The Company's adjusted net income guidance, which is a non-GAAP measure, excludes unrealized gains and losses on financial instruments, net foreign currency gains and losses, changes in fair value of contingent consideration, acquisition-related intangible amortization, other acquisition and divestiture related items, stock-based compensation, other costs, impairment charges, debt restructuring and debt issuance cost amortization, adjustments attributable to our non-controlling interests and certain tax related items. We are unable to reconcile our adjusted net income guidance to the comparable GAAP measure without unreasonable effort because of the difficulty in predicting the amounts to be adjusted, including, but not limited to, foreign currency exchange rates, unrealized gains and losses on financial instruments, and acquisition and divestiture related items, which may have a significant impact on our financial results.

Additional Information

Management uses the non-GAAP measures presented within this earnings release to evaluate the Company's performance on a comparable basis. Management believes that investors may find these measures useful for the same purposes, but cautions that they should not be considered a substitute for, or superior to, disclosure in accordance with GAAP.

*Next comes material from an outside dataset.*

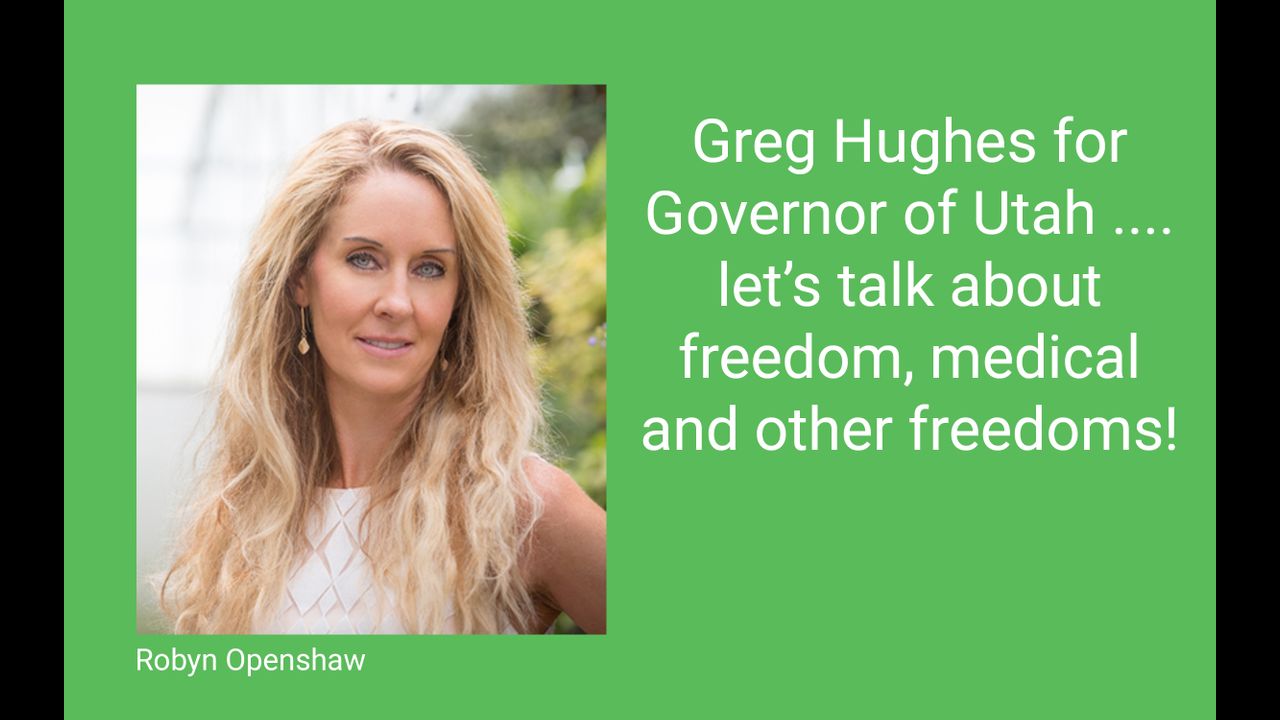 Utahns! Here's what Governor candidate Greg Hughes told me about how he'll protect our medical and economic freedom. You MUST register by Friday, June 19th, as a Republican at https://utah.gov/index.html Your vote counts, because Hughes is #2 right now--and in #1 spot is Cox, who told the health departments to go shut everyone down, and cost Utah 15% of its jobs--so far. Greg Hughes https://greghughes.com/about/ Learn more here: https://takeactionforfreedom.com/ Join our Facebook Group: https://facebook.com/groups/idonotconsent

Beginning in fiscal year 2024, the Company will utilize a fixed annual projected long-term non-GAAP tax rate in order to provide better consistency across reporting periods. The fixed annual projected long-term non-GAAP tax rate could be subject to change for a variety of reasons, including the rapidly evolving global tax environment, significant changes in our geographic earnings mix including due to acquisition activity, or other changes to our strategy or business operations. The Company will re-evaluate our long-term rate as appropriate.

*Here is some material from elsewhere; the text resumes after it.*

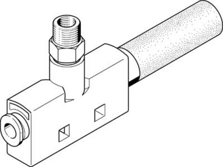 Vacuum generator VN-14-L-T4-PQ2-VA5-RO2 Standard, high suction rate, width 18 mm, T shape with plug connector and open silencer Vacuum connection with male thread. Nominal size, Laval nozzle=1,4 mm, Grid dimension=18 mm, Design, silencer=open, Assembly position=Any, Ejector characteristic=(* High suction flow rate, * Standard)

To provide investors with additional insight into its operational performance, WEX has included in this earnings release in Exhibit 1, reconciliations of non-GAAP measures referenced in this earnings release; in Exhibit 2, tables illustrating the impact of foreign currency rates and fuel prices for each of our reportable segments for the three and twelve months ended December 31, 2023 and 2022; and in Exhibit 3, a table of selected other metrics for the quarter ended December 31, 2023 and the four preceding quarters. The Company is also providing segment revenue for the three and twelve months ended December 31, 2023 and 2022 in Exhibit 4 and information regarding segment adjusted operating income margin and adjusted operating income margin in Exhibit 5.

Conference Call Details

In conjunction with this announcement, WEX will host a conference call today, February 8, 2024, at 10:00 a.m. (ET). As previously announced, the conference call will be webcast live on the Internet, and can be accessed, along with the accompanying slides, at the Investor Relations section of the WEX website, www.wexinc.com. The live conference call also can be accessed by dialing +1-888-510-2008 or +1-646-960-0306. The Conference ID number is 2237921. A replay of the webcast and the accompanying slides will be available on the Company's website.

About WEX

WEX (NYSE: WEX) is the global commerce platform that simplifies the business of running a business. WEX has created a powerful ecosystem that offers seamlessly embedded, personalized solutions for its customers around the world. Through its rich data and specialized expertise in simplifying benefits, reimagining mobility, and paying and getting paid, WEX aims to make it easy for companies to overcome complexity and reach their full potential. For more information, please visit www.wexinc.com.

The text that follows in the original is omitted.